4.2.1 Crop and subset
I will crop down this raster stack to the NH+VT bounding box.
Here I will plot just 3 of these variables.
- BIO10 = Mean Temperature of Warmest Quarter
- BIO15 = Precipitation Seasonality (how much precipitation varies during year)
- BIO19 = Precipitation of Coldest Quarter
Plot these three variables. This takes awhile. Note bio10_13
is mean temperature times 10. That’s how GBIF records temperature.
Another why to make this stack is to read in the data from the downloaded files in dir("wc0.5")
. Downloaded in .bil
format and comprised of two files.
Plot one layer.
onelayer <- raster::raster(fils[1])
plot(onelayer, xlim = NHVT[1:2], ylim = NHVT[3:4])
# Add the NH VT lines on top
plot(nhvtshp, add = TRUE, border = "blue")
plot(hbshp, add = TRUE)
title(names(onelayer))
You can create a stack from the file names and then crop to the NH+VT bounding box.
4.2.2 Bioclim names
I want to make a data frame to use to get the descriptions for the variables. I made this by looking at the WorldClim website. name
is the name of the variable in the downloaded data, desc
is a description, col
is what I will call the column.
bioclimnames <- data.frame(name = paste0("bio", 1:19, "_13"),
desc = c("Mean annual temperature", "Mean diurnal range (mean of max temp - min temp)",
"Isothermality (bio2/bio7) (* 100)", "Temperature seasonality (standard deviation *100)",
"Max temperature of warmest month", "Min temperature of coldest month",
"Temperature annual range (bio5-bio6)", "Mean temperature of the wettest quarter",
"Mean temperature of driest quarter", "Mean temperature of warmest quarter",
"Mean temperature of coldest quarter", "Total (annual) precipitation",
"Precipitation of wettest month", "Precipitation of driest month",
"Precipitation seasonality (coefficient of variation)",
"Precipitation of wettest quarter", "Precipitation of driest quarter",
"Precipitation of warmest quarter", "Precipitation of coldest quarter"),
col = c("mean.temp", "temp.diurnal.range", "isotherm", "temp.seasonality",
"max.warm.temp", "min.cold.temp", "temp.annual.range",
"mean.temp.wet.qtr", "mean.temp.dry.qtr", "mean.temp.warm.qtr",
"mean.temp.cold.qtr", "total.precip", "precip.wet.month",
"precip.dry.month", "precip.seasonality", "precip.wet.qtr",
"precip.dry.qtr", "precip.warm.qtr", "precip.cold.qtr"),
stringsAsFactors = FALSE)
Do some memory clean-up before moving on.

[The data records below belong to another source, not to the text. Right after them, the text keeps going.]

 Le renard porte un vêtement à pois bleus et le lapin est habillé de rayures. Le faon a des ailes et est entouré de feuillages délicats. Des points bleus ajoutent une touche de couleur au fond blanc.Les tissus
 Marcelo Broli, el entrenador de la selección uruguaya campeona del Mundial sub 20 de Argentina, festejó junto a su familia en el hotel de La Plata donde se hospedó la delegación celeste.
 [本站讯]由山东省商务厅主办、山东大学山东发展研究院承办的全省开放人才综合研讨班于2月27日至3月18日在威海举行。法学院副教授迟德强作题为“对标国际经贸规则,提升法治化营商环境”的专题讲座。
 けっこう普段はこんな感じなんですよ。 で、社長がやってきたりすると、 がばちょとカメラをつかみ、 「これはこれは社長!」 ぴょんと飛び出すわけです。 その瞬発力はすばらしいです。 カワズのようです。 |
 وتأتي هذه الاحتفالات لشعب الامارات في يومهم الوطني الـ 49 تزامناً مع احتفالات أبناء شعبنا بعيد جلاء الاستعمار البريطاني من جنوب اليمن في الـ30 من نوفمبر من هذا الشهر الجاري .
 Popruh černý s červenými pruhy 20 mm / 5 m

used (Mb) gc trigger (Mb) limit (Mb) max used (Mb)
Ncells 4609770 246.2 7515327 401.4 NA 7377009 394.0
Vcells 11515875 87.9 20629907 157.4 16384 20625175 157.4
4.3 Topographical data
I can read in elevation data with getData()

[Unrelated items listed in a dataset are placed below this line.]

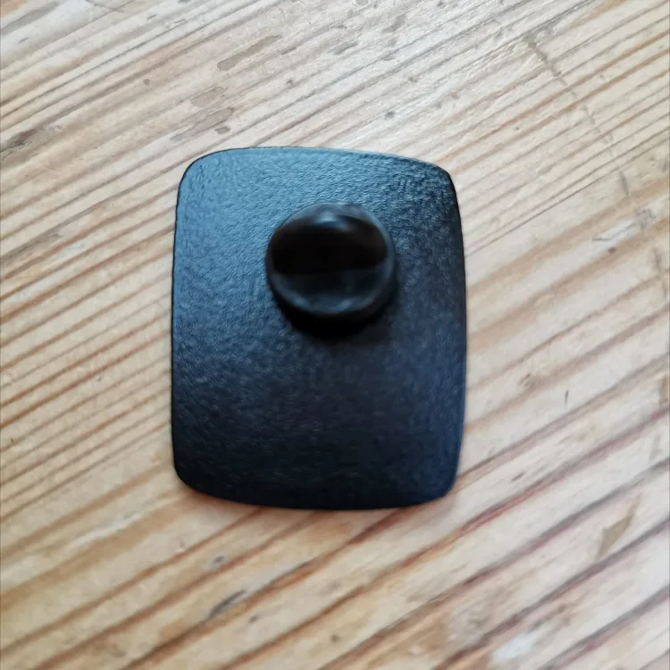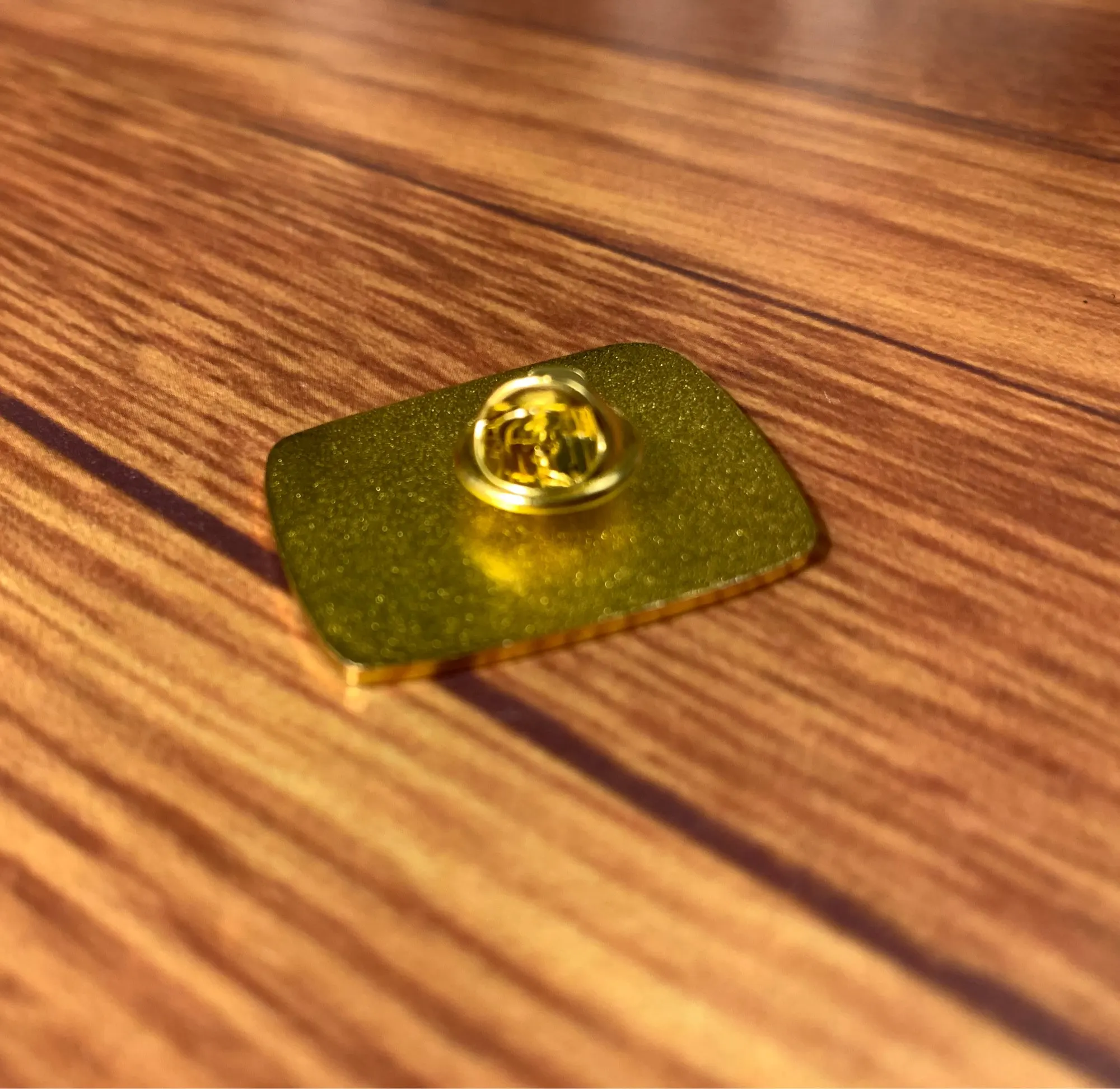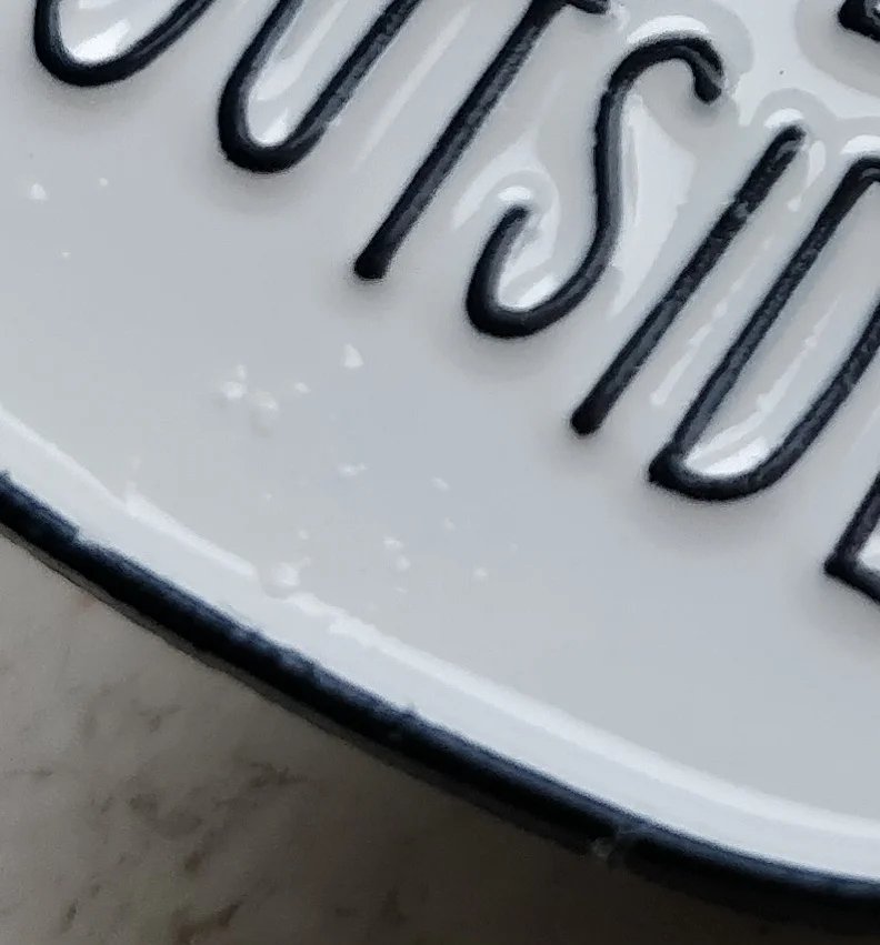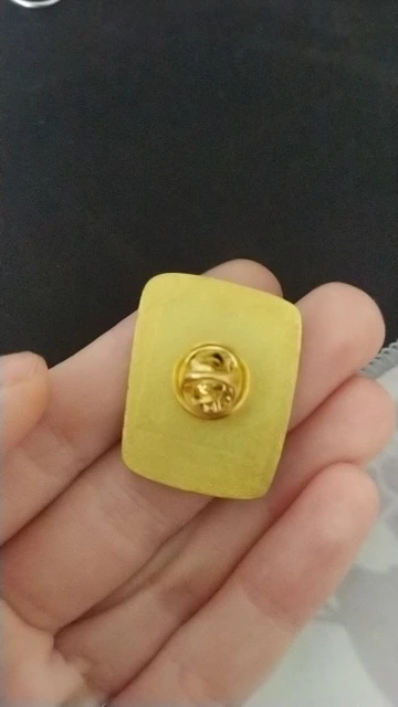 Значок выглядит как значок на изображении, но некоторые части черной надписи покрыты белой эмалью.
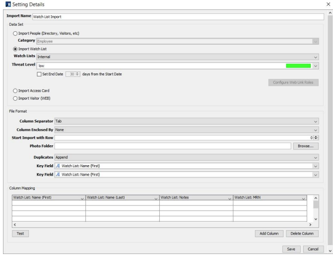 1) Select at least the following Column Mappings – Watch List: Name (First), Watch List: Name (Last), Watchlist: MRN
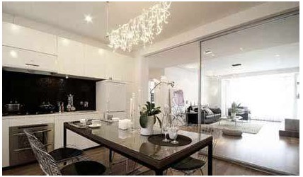 地板由客廳直接鋪裝到廚房,令兩者之間視覺上貫通性極佳,還增加了空間延伸的感覺。倉(cāng)儲(chǔ)柜美觀實(shí)用,配備六把餐椅的大餐桌布置得很正式。操作臺(tái)作一字型設(shè)計(jì),寬大的餐桌烹飪時(shí)可以作臨時(shí)備菜臺(tái),使用起來(lái)很方便。
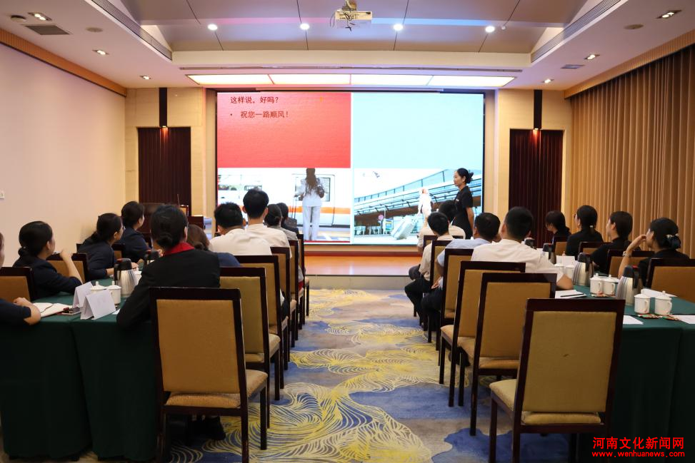河南文化新闻网讯   为进一步提升宾馆员工的沟通服务能力,为宾客提供更优质的服务。8月28日,郑州融通紫荆山宾馆组织开展说话的艺术培训。

. For USA, this returns a list of 4 raster layers. List 1 is mainland. Then I crop to my NHVT bounding box. I don’t need to re-download the data if I already have it. path
is the folder where the downloaded data will be stored. mask=FALSE
means don’t cut off the elevation data at the US-Canada border. The USAelevation
object is about 80MB. That is not needed so you might not want to save that file.
dirPath <- "data/elevation"
if (!dir.exists(dirPath)) dir.create(dirPath)
if (!file.exists("data/NHVTelevation.grd")) {
USAelevation <- raster::getData("alt", country = "USA", path = "data/elevation",
mask = FALSE)
raster::writeRaster(USAelevation[[1]], filename = "data/USAelevation.grd",
overwrite = TRUE)
NHVT.elevation <- raster::crop(USAelevation[[1]], NHVT)
raster::writeRaster(NHVT.elevation, filename = "data/NHVTelevation.grd",
overwrite = TRUE)
} else {
NHVT.elevation <- raster::raster("data/NHVTelevation.grd")
}
Warning in showSRID(uprojargs, format = "PROJ", multiline = "NO"): Discarded
datum Unknown based on WGS84 ellipsoid in CRS definition
The plot of raw elevation is not so pretty. Later we will use the hillshade()
function to make a nicer plot of elevation.
4.3.1 Slope and aspect
The terrain()
function will return the slope and aspect from an elevation layer.
NHVT.slope <- raster::terrain(NHVT.elevation, opt = "slope")
NHVT.aspect <- raster::terrain(NHVT.elevation, opt = "aspect")
Plot of aspect.
There is also a hillShade()
function that makes a prettier elevation plot than the elevation data alone.
4.4 Land cover data
These data are downloaded from EarthEnv land cover data set with a function called getlandcover.R
in the code folder.
fils <- paste0("data/landcover/lc_1km_", c(1:12, "dom"), ".tif")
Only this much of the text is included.